Il cambio di strategia americana segna così il futuro immediato della guerra in Europa ma al tempo stesso contiene echi del passato. Ad esempio, l’importanza del sostegno finanziario e militare a Kiev, da parte americana e NATO, ricorda in qualche modo, seppure con modalità molto diverse, il “ponte-aereo” su Berlino del giugno 1948-maggio 1949, che fece di Berlino Ovest una spina nel fianco permanente per l’URSS: il messaggio che oggi viene da Washington è che, anche in caso di successi militari parziali della Russia nella seconda fase della guerra in Ucraina, l’appoggio occidentale a Kiev permarrà. E passerà comunque dall’Ucraina la frontiera del contenimento della Russia. Sul Times Phil Breedlove, il generale americano che ha guidato le forze alleate in Europa dal 2013 al 2016, arriva a ipotizzare una base avanzata della NATO nell’Ovest dell’Ucraina, per le forniture militari e umanitarie.

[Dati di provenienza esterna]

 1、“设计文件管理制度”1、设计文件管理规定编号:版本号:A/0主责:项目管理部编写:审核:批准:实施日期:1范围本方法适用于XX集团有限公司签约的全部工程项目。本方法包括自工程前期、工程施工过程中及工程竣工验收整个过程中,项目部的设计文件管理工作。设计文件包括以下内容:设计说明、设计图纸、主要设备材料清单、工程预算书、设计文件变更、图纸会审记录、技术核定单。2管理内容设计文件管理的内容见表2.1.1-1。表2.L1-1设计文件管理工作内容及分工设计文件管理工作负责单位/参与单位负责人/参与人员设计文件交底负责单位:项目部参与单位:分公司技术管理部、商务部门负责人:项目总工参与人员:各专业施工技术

È ancora troppo presto per prevedere l’esito del conflitto in corso fra difesa eroica della sovranità dell’Ucraina e aspirazioni neo-imperiali di Mosca, fra cui l’eventualità di una spartizione nei fatti, con un conflitto congelato esteso nello spazio e nel tempo. Ma il precedente della guerra di Corea, nei primi anni ’50 del secolo scorso, è significativo comunque: fu a conclusione della guerra di Corea, guerra calda della prima guerra fredda, che la NATO diventò, da un Patto difensivo sulla carta, un’alleanza militare operativa, con l’ingresso della Repubblica federale di Germania e l’avvio del suo processo di riarmo.

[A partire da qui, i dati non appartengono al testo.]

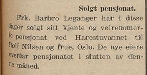 14. juni 1938 fortalte avisa Hadeland at Barbro Leganger hadde «solgt sitt velrennomerte pensjonat ved Harestuvannet» til Rolf Nilsen og frue fra Oslo.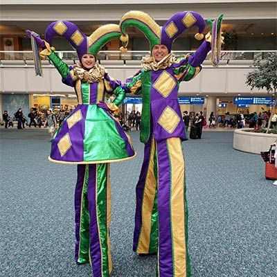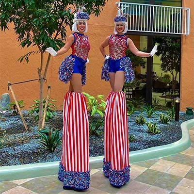 Based in Florida our male and female stilt walkers are available to perform over the US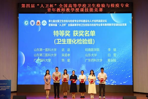 近日,第七届全国卫生检验与检疫专业学科建设与人才培养高层论坛暨第四届“人卫杯”全国高等学校卫生检验与检疫专业青年教师教学授课技能竞赛在广东举行。必赢官网公共卫生学院栾孟孝老师获理化组特等奖,谭凤娇老师获微生物组二等奖。
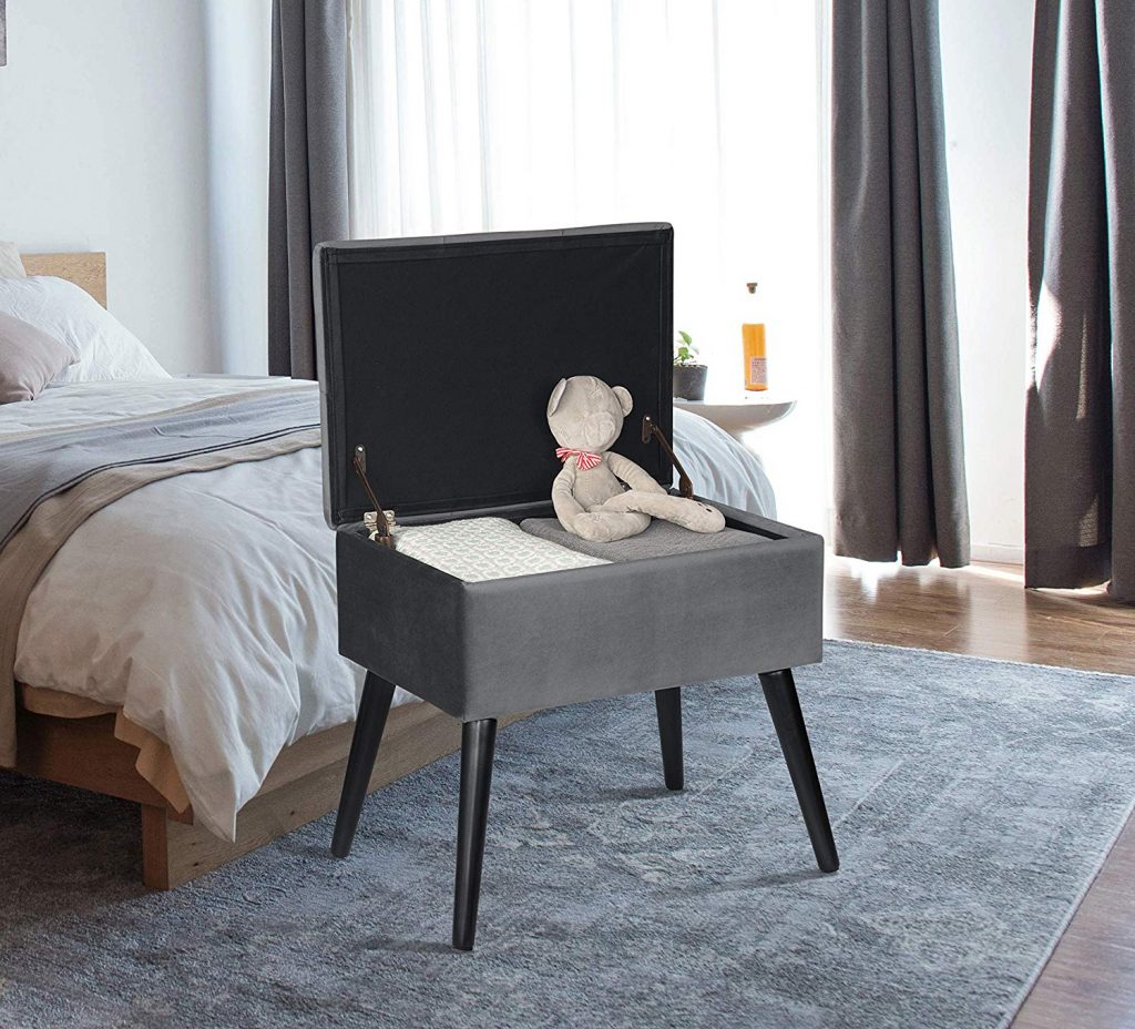 “Оксамитовий табурет з місцем для зберігання SH52 (Чорний)Оксамитовий табурет з місцем для зберігання SH52 (Чорний)”

Oggi la NATO appare rafforzata dagli errori ed orrori compiuti da Putin; e si prepara, con il possibile ingresso di Finlandia e Svezia, a un lungo contenimento della Russia. Una questione aperta, oggi come allora, riguarda la solidità politica dell’Europa, più direttamente esposta degli Stati Uniti ai costi della rottura con Mosca. Investe il futuro della Difesa europea, dopo la vittoria elettorale di Emanuel Macron e le incertezze tedesche, fra aumento delle spese militari e ambiguità almeno iniziali nel sostegno all’Ucraina. E riguarda la tenuta nel tempo dei fronti interni occidentali, viste le spinte inflattive e i problemi energetici.

Fino a che punto l’Europa carolingia, sempre propensa a tenere aperto un canale di dialogo con Mosca prima che a indebolire la Russia, sosterrà il cambio di strategia americana? La risposta, per l’andamento della guerra fredda 2.0 e per la coesione occidentale, sarà decisiva.